START Data for this task

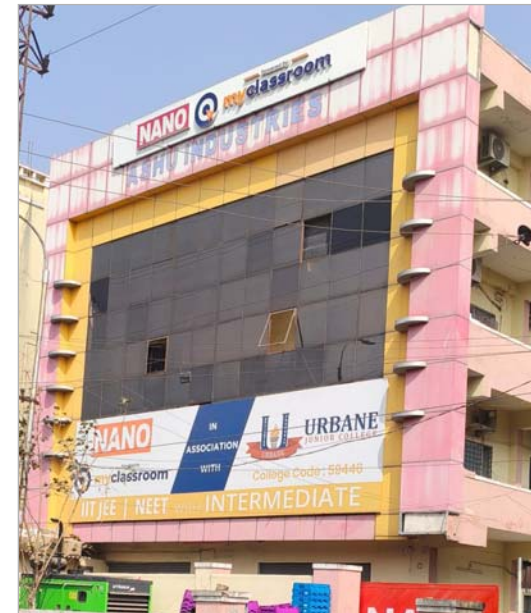
నడుపుతున్నారని వారు దృఢమెత్తారు. అందుకే ఇంటర్ బోర్డ్ సదరు కళాశాలపై కఠిన చర్యలు తీసుకోవాలని వారు డిమాండ్ చేశారు. అదేవిధంగా 2026 విద్య
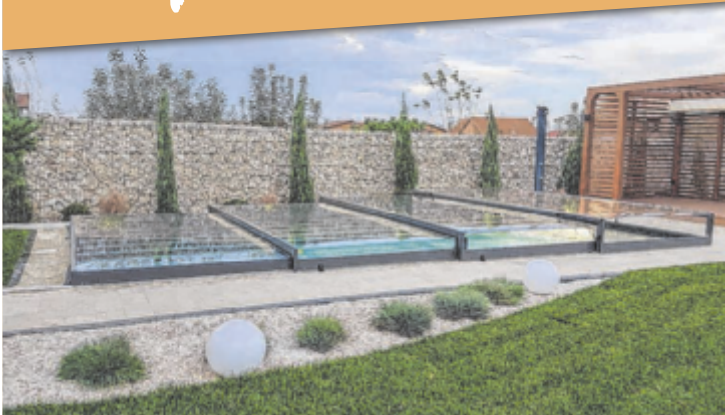
Überdachung Alukov Champion
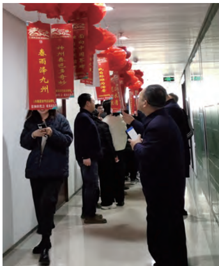
集团总部“贯彻职代会 欢乐庆佳节”猜谜
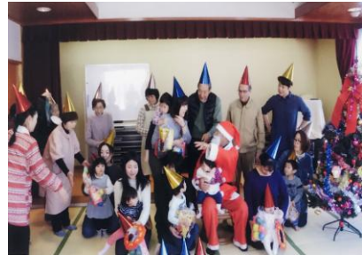
▲クリスマス会にサンタさんが登場！

みなさんの子育てを応援しています。 みんなで待ってるよ～！当日飛び込みOKです。
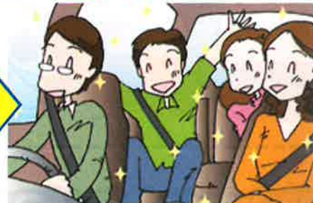
車両用クレベリン施工後イメージ
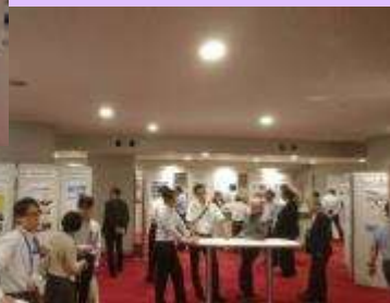
6月6日 第37回土砂災害防止「全国の集い」 in 神奈川

地すべり対策事業でのCIMの活用についてポスターを展示し、事務所職員が説明を行いました。 (神奈川県横須賀市) 【富士砂防事務所】
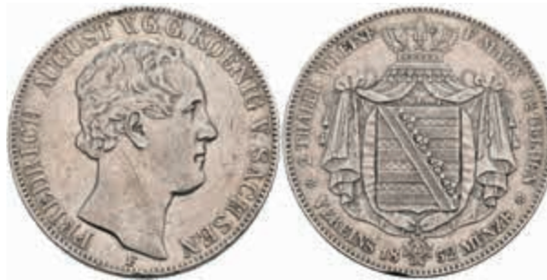
486 Doppeltaler, 1852, Friedrich August II., AKS 94, J. 78, Randfehler, kl. Kr., ss. 100,—
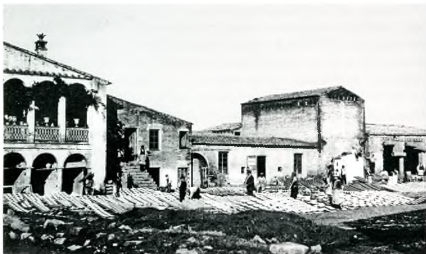
Fig. 9. Vista exterior de l'edifici de la fàbrica de terrissa Unión Obrera de Alfareros al carrer del Carme. Ca. 1914.

L'article critica les solucions donades per tal de minimitzar la crisi, especialment aquelles que suposen baixar els preus dels productes manufacturats i sobretot la retallada de salaris, que tan greus conseqüències comporta, a la pròpia indústria: "(...) es pobre recurs donar sortida als géneros a baix preu, abaixant la má d'obra, fins a un punt en que quant tot en la vida s'encareix y els temps obliguen a fer dispendis en objectes que trenta anys endarrera hagueren considerat supérfluos y avuy formen part d'una necessitat després de la del nodriment no cal el petit salari al obrer. El recurs d'abaixar la má d'obra es el dels ignoscents que maten la meiteixa industria que'ls ha de donar vida. Y aixó fa que'ls desperts, els aptes pera assimilarse a un'altre industria deixen un ofici que escassament dona pera mal nodrirse y no's posin aprenents joves pera continuarlo". El resultat inevitable d'aquest cercle viciós ha estat, segons Burguès, que "(...) la carn esplotable ha canviat d'industria, obligada per les necessitats de la vida y no tenir un clar concepte dels recursos qu'ofereix una industria com la terrissera" ( ACBE. Hemeroteca: L'Avenç del Empordá , 15/08/1907).
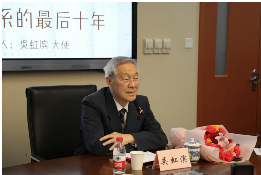
吴虹滨大使做《中苏关系的最后十年》主题演讲

2019年是中俄建交70周年。华东师范大学俄罗斯研究中心从3月起举办“大使讲坛”——庆祝中俄建交70周年系列讲座，邀请多位大使围绕中俄关系做主题演讲。
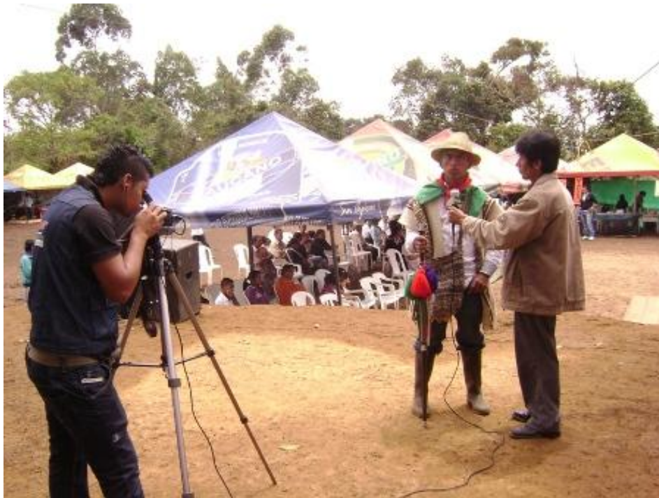
Gobernador del Cabildo (2011) explica significado de las Ceremonias al Sol a canal de televisión local. Junio de 2011.
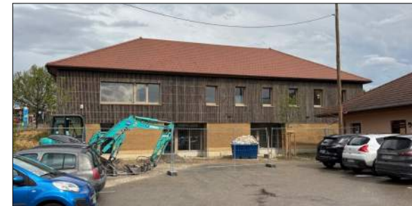
Pôle médical de SATOLAS ET BONCE NAMA Architecture

Création d'un centre d'hébergement de 25 places ou Communauté Thérapeutique pour adultes en phase de désintoxication.
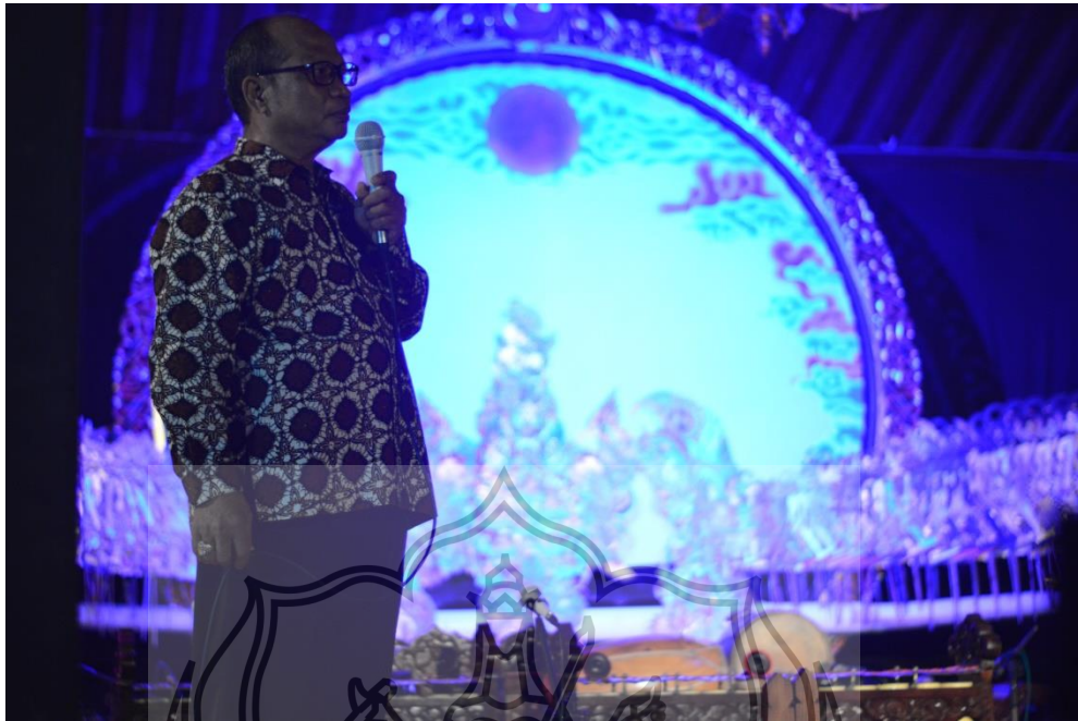
Gambar 7. Sambutan Ketua Jurusan Karawitan

END Data for this task

» **Task item**: Within the listing above, write out the stretch from the line with "6月6日 第37回土砂災害防止「全国の集い」 in 神奈川" through the line with "Fig. 9. Vista" exactly. Any pictures are to be left out.

» **Expected answer**:
6月6日 第37回土砂災害防止「全国の集い」 in 神奈川

地すべり対策事業でのCIMの活用についてポスターを展示し、事務所職員が説明を行いました。 (神奈川県横須賀市) 【富士砂防事務所】
486 Doppeltaler, 1852, Friedrich August II., AKS 94, J. 78, Randfehler, kl. Kr., ss. 100,—
Fig. 9. Vista exterior de l'edifici de la fàbrica de terrissa Unión Obrera de Alfareros al carrer del Carme. Ca. 1914.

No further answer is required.